Although management of the Corporation has attempted to identify important factors that could cause actual results to differ materially from those contained in forward-looking information, there may be other factors that cause results not to be as anticipated, estimated or intended. There can be no assurance that such statements will prove to be accurate, as actual results and future events could differ materially from those anticipated in such statements. Accordingly, readers should not place undue reliance on forward-looking information. The Corporation does not undertake to update any forward-looking information contained in this news release, except in accordance with applicable securities laws.
The distribution of this news release, the Offered Shares and the Private Placement Shares in certain jurisdictions may be restricted by law.
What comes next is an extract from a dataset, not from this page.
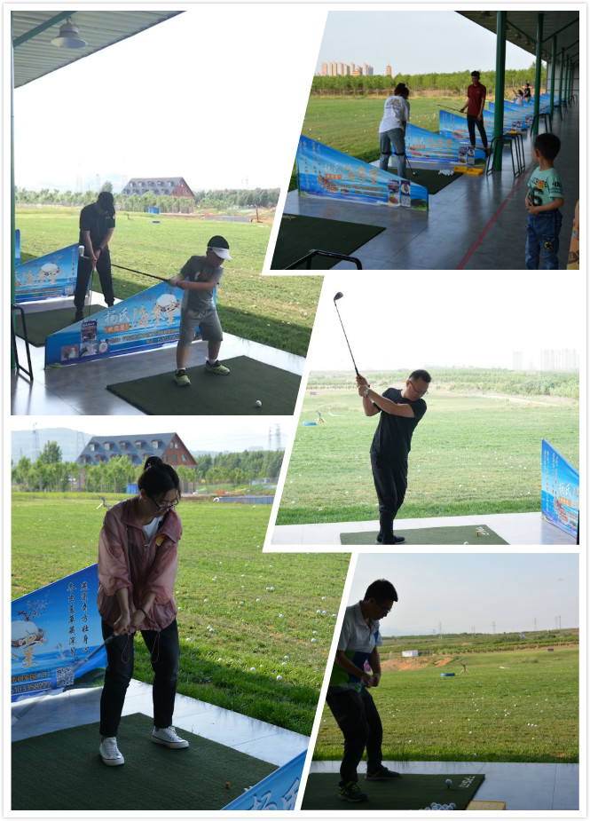 高爾夫活動場地非常受歡迎,在專業教練的指導下,孩子們學的非常認真,別看孩子們小,但是揮起高爾夫球桿,絲毫不含糊,握桿的姿勢非常標準。大人們也躍躍欲試,球場上留下了他們矯健的身影,握桿、揮球動作一氣呵成。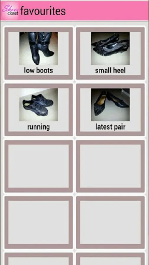 • Create categories, anything you want, like sports, work, high heels, flats, slippers etc

No action has been taken by the Corporation, the Agent or any other person that would permit the Offering or the Concurrent Private Placement or possession or distribution of this news release or any other offering or publicity material relating to the Offering or the Concurrent Private Placement in any jurisdiction where action for that purpose is required other than in the province of Ontario. Persons into whose possession this news release becomes available are required by the Corporation and the Agent to inform themselves about, and to observe, such restrictions.
The price of ordinary shares of the Corporation and the income from them may go down as well as up and investors may not get back the full amount invested on disposal of the Offered Shares or Private Placement Shares.
With respect to the United Kingdom, the Concurrent Private Placement is only being, and may only be, made to and is, and this Announcement is, directed only at persons in the United Kingdom who are either (1) both (a) a "Qualified Investor" within the meaning of Section 86(7) of the Financial Services and Markets Act 2000 ("FSMA") and (b) within the categories of persons referred to in Article 19(5) (Investment professionals) or Article 49(2)(a) to (d) (High net worth companies, unincorporated associations, etc.) of the Financial Services and Markets Act 2000 (Financial Promotions) Order 2005, or persons in the United Kingdom to whom the Concurrent Private Placement may otherwise be made or to whom the Concurrent Private Placement may otherwise be directed in the United Kingdom without an approved prospectus having been made available to the public in the United Kingdom before the Concurrent Private Placement is made, and without making an unlawful financial promotion, all such persons together being referred to as "Relevant Persons". The securities being offered are only available to, and any invitation, offering or agreement to subscribe, purchase or otherwise acquire such securities will be engaged in only with, Relevant Persons. Any person who is not a Relevant Person should not act or rely on this Announcement or any of its contents. This Announcement is not a prospectus or an admission document nor does it contain an offer or constitute any part of an offer to the public within the meaning of Sections 85 and 102B of FSMA or otherwise. The Preliminary Prospectus is not a prospectus for the purposes of Section 85(1) of FSMA and, accordingly, it will not be examined or approved as a prospectus by the United Kingdom Financial Conduct Authority (the "FCA") under Section 87A FSMA or by the London Stock Exchange and it will not be filed with the FCA pursuant to the rules published by the FCA implementing the Prospectus Directive (2003/71/EC) nor will it be approved by a person authorized under FSMA, for the purposes of Section 21 FSMA.
In Canada, in connection with the Offering, the Agent may over-allot or effect transactions with a view to supporting the market price of Ordinary Shares at a level higher than that which might otherwise prevail in the open market. However, there may be no obligation on the Agent to do this. Such stabilizing, if commenced, may be discontinued at any time, and must be brought to an end after a limited period. The Corporation has granted the Agent the Over-Allotment Option to cover over-allotments and for market stabilization purposes, exercisable at any time until 30 days following the closing of the Offering.
No market stabilization activities will be carried out in respect of the Concurrent Private Placement in the United Kingdom.